Ultimately we decided to rather put the burden of downloading larger amounts of data on the user a single time in exchange of simplifying and reducing the burden of pre-processing and data visualization for each training process.

Additionally, by distributing both canonical indexing and canonical visualizations we aim to make explanation results more comparable in the future.

Installation

First clone this repository:

git clone https://github/username/visual_graph_datasets.git

Then install it like this:

cd visual_graph_datasets
pip3 install -e .

Download datasets

NOTE: We strongly encourage to store datasets on an SSD instead of an HDD, as this can make a difference of multiple hours(!) when loading especially large datasets.

Datasets can simply be downloaded by name by using the download command:

// Example for the dataset 'rb_dual_motifs'
python3 -m visual_graph_datasets.cli download "rb_dual_motifs"

By default this dataset will be downloaded into the folder $HOME/.visual_graph_datasets/datasets where HOME is the current users home directory.

The dataset download destination can be changed in a config file by using the config command:

python3 -m visual_graph_datasets.cli config

This command will open the config file at $HOME/.visual_graph_datasets/config.yaml using the systems default text editor.

List available datasets

You can display a list of all the currently available datasets of the current remote file share provider and some metadata information about them by using the command list:

python3 -m visual_graph_datasets.cli list

Running the unittests

After installation you can optionally run the unitests to confirm that all datasets have been correctly downloaded and that everything works properly:

cd visual_graph_datasets
pytest ./tests/*

Usage

The datasets are mainly intended to be used in combination with other packages, but this package provides some basic utilities to load and explore the datasets themselves within python programs.

from visual_graph_datasets.config import Config
from visual_graph_datasets.data import load_visual_graph_dataset

# The function only needs the absolute path to the dataset folder and will load all the entire datasets
# from all the files within that folder.
# The function returns two dictionaries. The first maps the string names of the elements to the content
# dictionaries and the second dict maps the integer indices of the elements to the very same content
# dictionaries. Two separate dictionaries are returned to provide different ways of accessing the data
# of the elements which are needed in different situations.
dataset_path = os.path.join(Config().get_datasets_path(), 'rb_dual_motifs')
data_name_map, data_index_map = load_visual_graph_dataset(dataset_path)
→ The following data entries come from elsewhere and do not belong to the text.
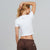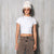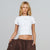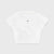 White ribbed, fitted, short t-shirt. It has one printed logo on the front and another on the back.
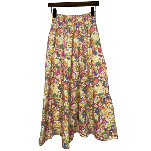 Marine Layer Women's Medium Maxi Skirt Cotton Gauze Floral Tiered Cottage Boho. Beautiful pattern
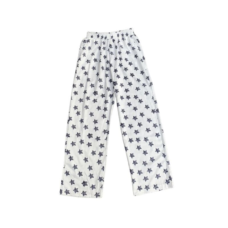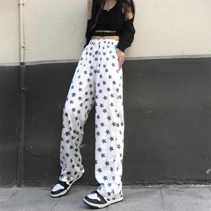 韓国ファッションカジュアルパンツ 夏服スタンダードプリントルーズハイウェストウェストワイドレッグ レトロ 夏物 ワイドパンツ スタイル ウエスト コーデ モノクロ Studio66250950467 | pLegLad Studios

One such content dictionary which are the values of the two dicts returned by the function have the following nested dictionary structure:

  • image_path: The absolute path to the image file that visualizes this element

  • metadata_path: the absolute path to the metadata file

  • metadata: A dict which contains all the metadata for that element
    • value: The target value for the element, which can be a single value (usually with regression) or a one-hot vector for classification.
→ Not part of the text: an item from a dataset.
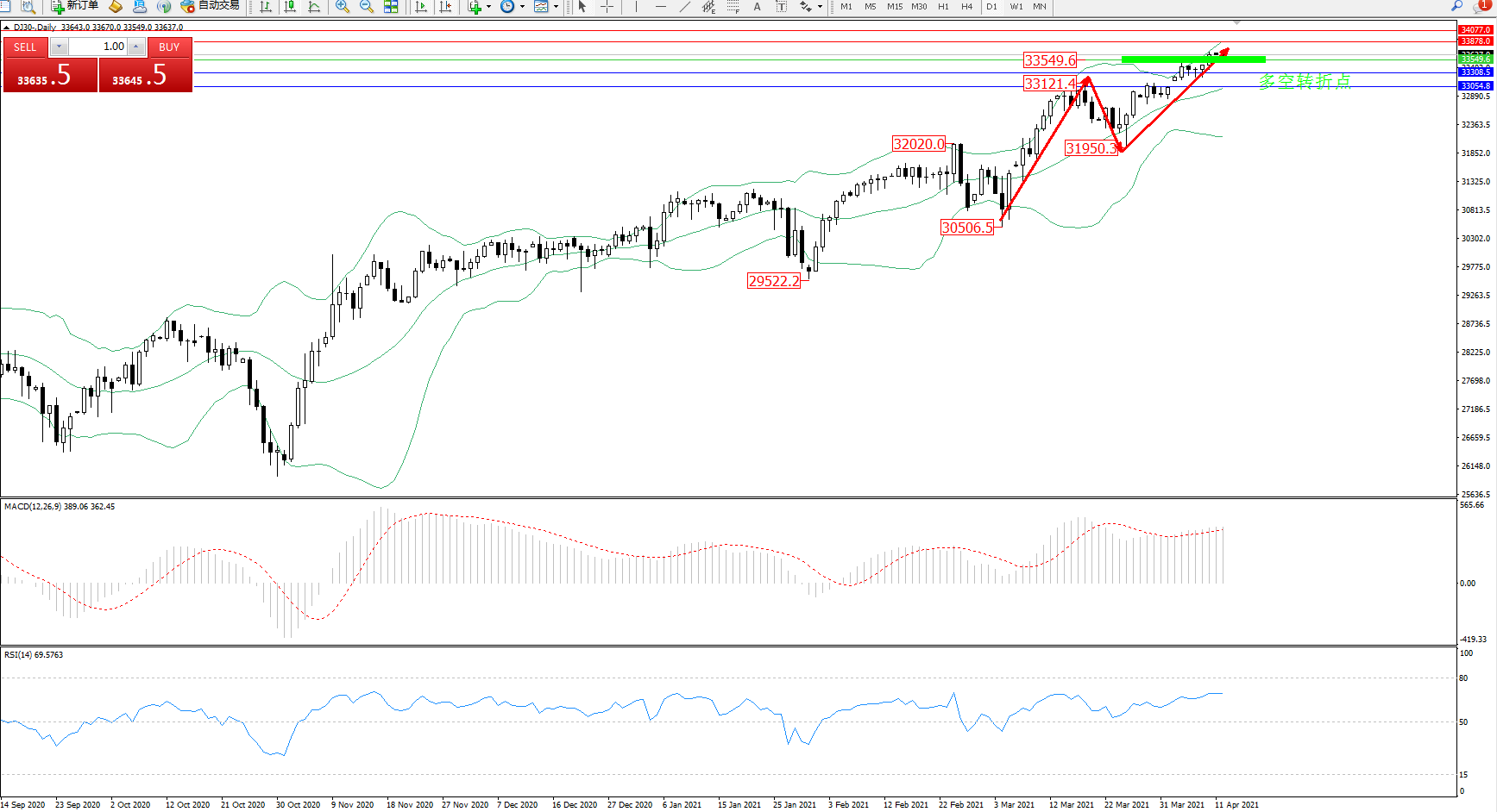 道琼斯指数4月12日(周一)收盘下跌54.74点,跌幅0.16%,报33745.86点;美股收盘,道指初步收跌,美国股市从创纪录高点整理下滑,投资者权衡刚刚拉开序幕的财报发布季的业绩表现;英特尔领跌科技股,此前英伟达表示将推出该公司第一款服务器微处理器,进一步杀入英特尔最赚钱的市场领域;摩根大通、花旗、美国银行、摩根士丹利、高盛等银行和金融机构将开始陆续发布第一季度业绩;投资者担心拟议的基建法案将对企业盈利产生影响,如果税率从21%提高三分之一至28%,那么对利润是个巨大冲击。如果大宗商品确实进入了另一个超级周期,那么最近的基金持仓调整表明一些投资者对此仍有疑虑。基金经理们已将对大宗商品的净多头头寸减少至去年12月来最低,此前曾达到至少十年来最高。因磕磕碰碰的经济重开努力迫使投资者重新考虑押注经济复苏的交易。

    • index: The canonical index of this element within the dataset

    • (split): If defined, either “train” or “test” - assignment for the canonical train test split

    • graph: A dictionary which contains the entire graph representation of this element.
      • node_attributes: tensor of shape (V, N)

      • edge_attributes: tensor of shape (E, M)

      • edge_indices: tensor of shape (E, 2) which are the tuples of integer node indices that determine edges

      • node_coordinates tensor of shape (V, 2) which are the xy positions of each node in pixel values within the corresponding image visualization of the element. This is the crucial information which is required to use the existing image representations to visualize attributional explanations!

With the following variable definitions:

  • V - the number of nodes in a graph

  • E - the number of edges in a graph

  • N - the number of node attributes / features associated with each node

  • M - the number of edge attributes / features associated with each edge

Datasets

Here is a list of the datasets currently included.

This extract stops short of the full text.